JpGU-AGU Joint Meeting 2017

講演情報

[JJ] 口頭発表

セッション記号 S (固体地球科学) » S-VC 火山学

[S-VC47] [JJ] 活動的火山

2017年5月22日(月) 09:00 〜 10:30 コンベンションホールA (国際会議場 2F)
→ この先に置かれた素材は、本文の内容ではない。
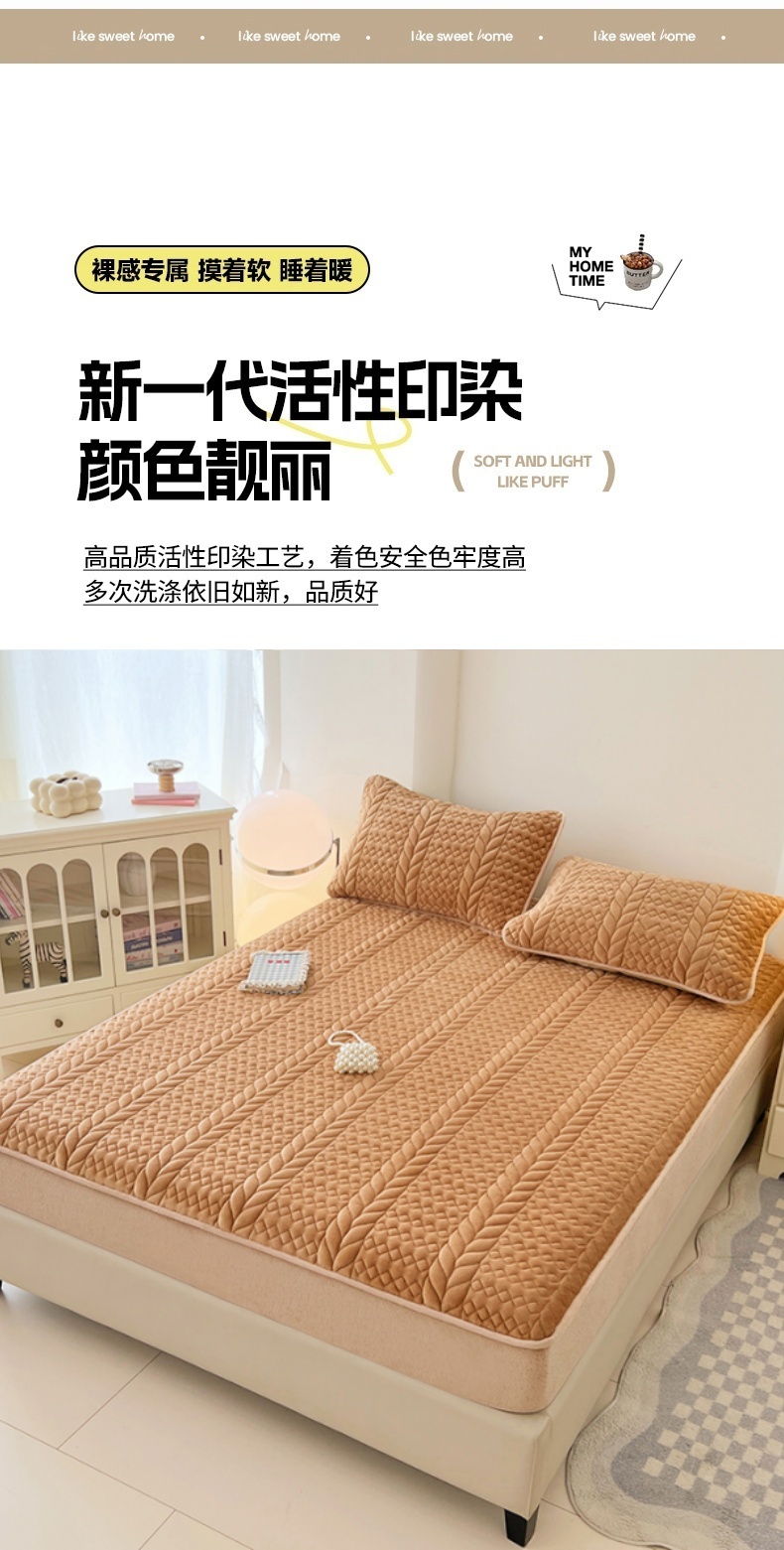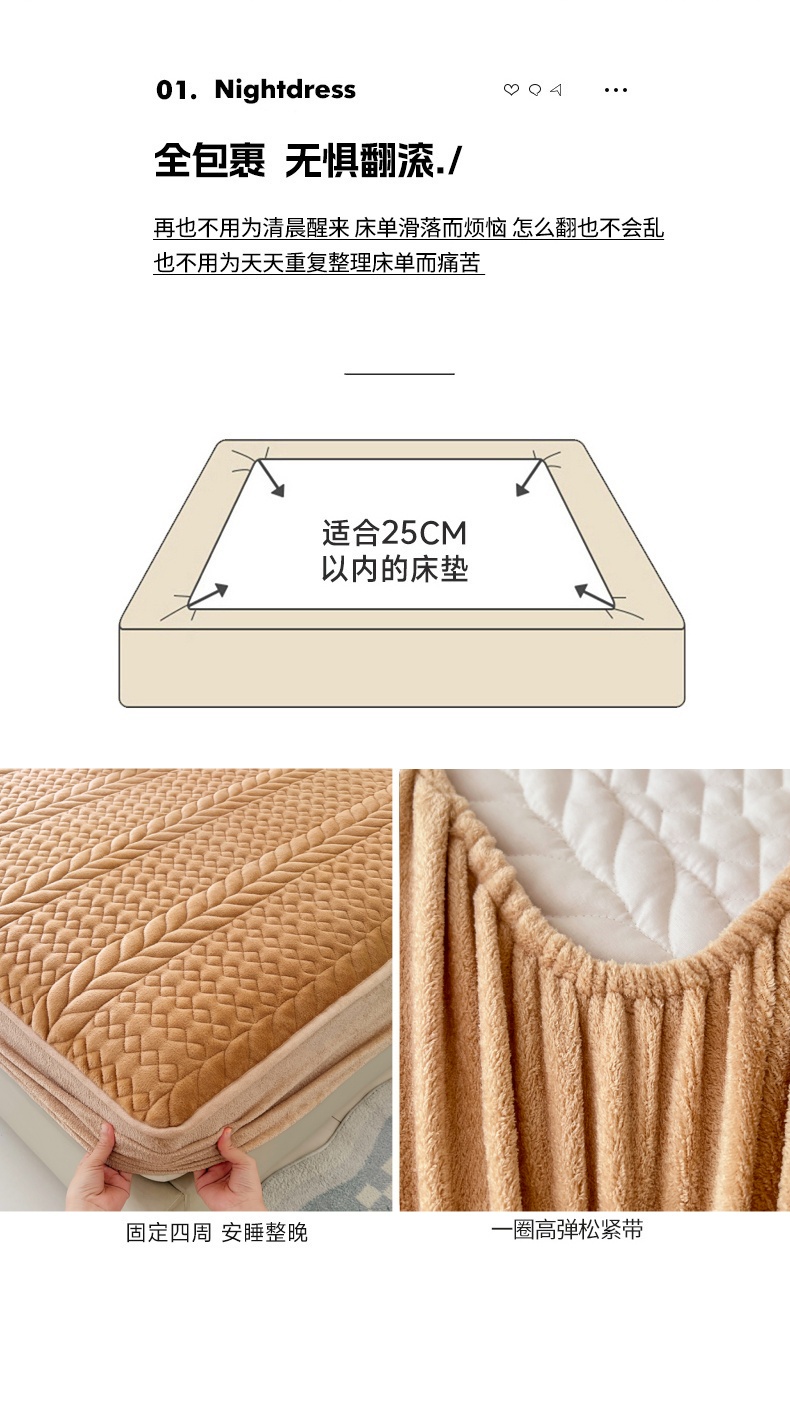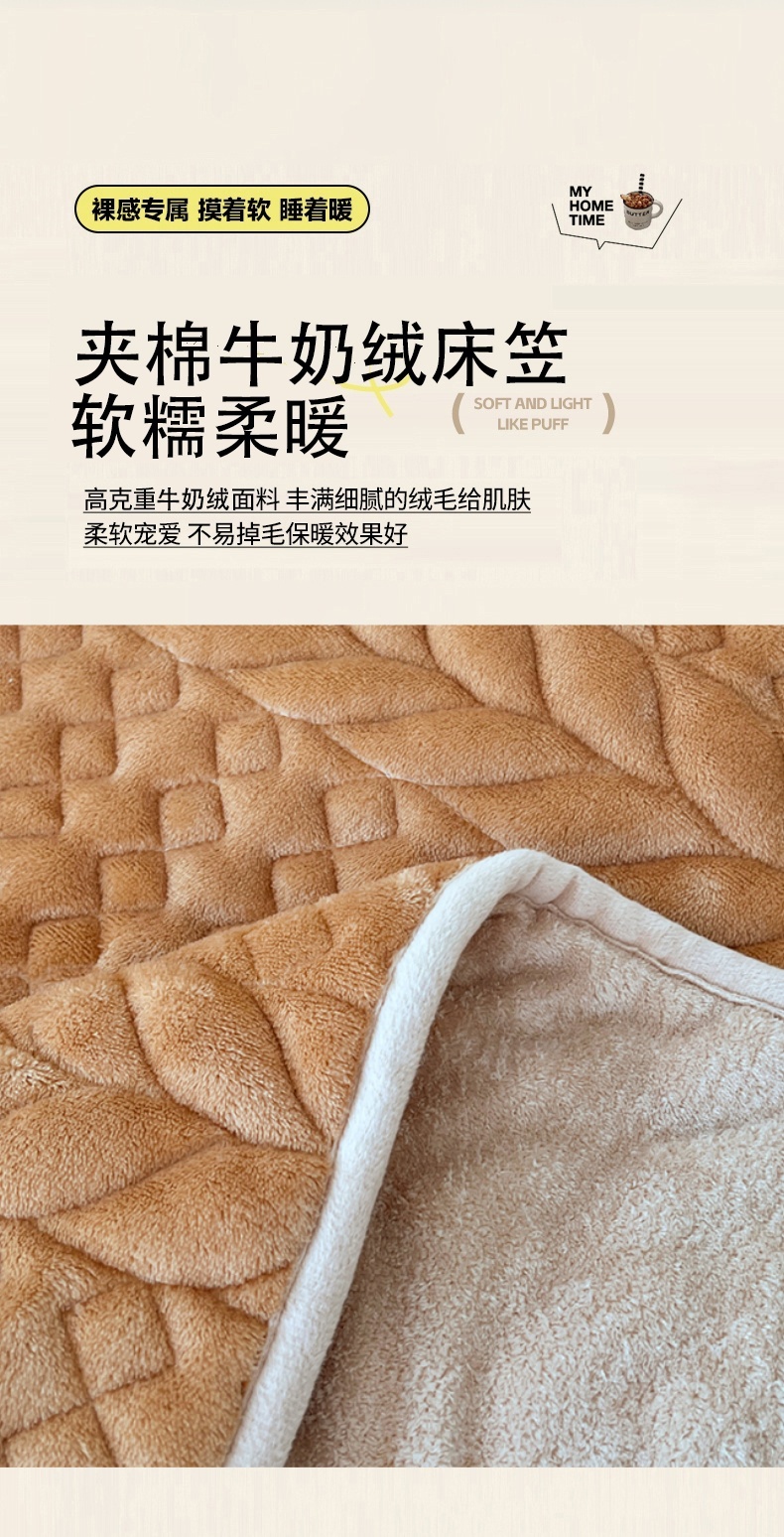 • 91家纺网 家纺一手货源 找家纺 梦舒羽 2025新款A类牛奶绒夹棉床笠床单床盖床罩床护垫床垫保护罩三件套-轻奢 轻奢款-奶茶咖

コンビーナ:前田 裕太(名古屋大学)、青木 陽介(東京大学地震研究所)、座長:熊谷 博之(名古屋大学大学院環境学研究科)、座長:森田 裕一(東京大学 地震研究所)

09:30 〜 09:45

[SVC47-03] ストロンボリ火山の山腹噴火前のキツツキ地震活動について

*近藤 弦1青山 裕1西村 太志2川口 亮平3山田 大志1三輪 学央4藤田 英輔5リペペ マウリツィオ6ジェンコ リカルド6 (1.北海道大学大学院理学研究院 附属地震火山研究観測センター、2.東北大学大学院理学研究科地球物理学専攻、3.気象研究所、4.防災科学技術研究所、5.防災科学技術研究所観測・予測研究領域 地震・火山防災研究ユニット、6.フィレンツェ大学)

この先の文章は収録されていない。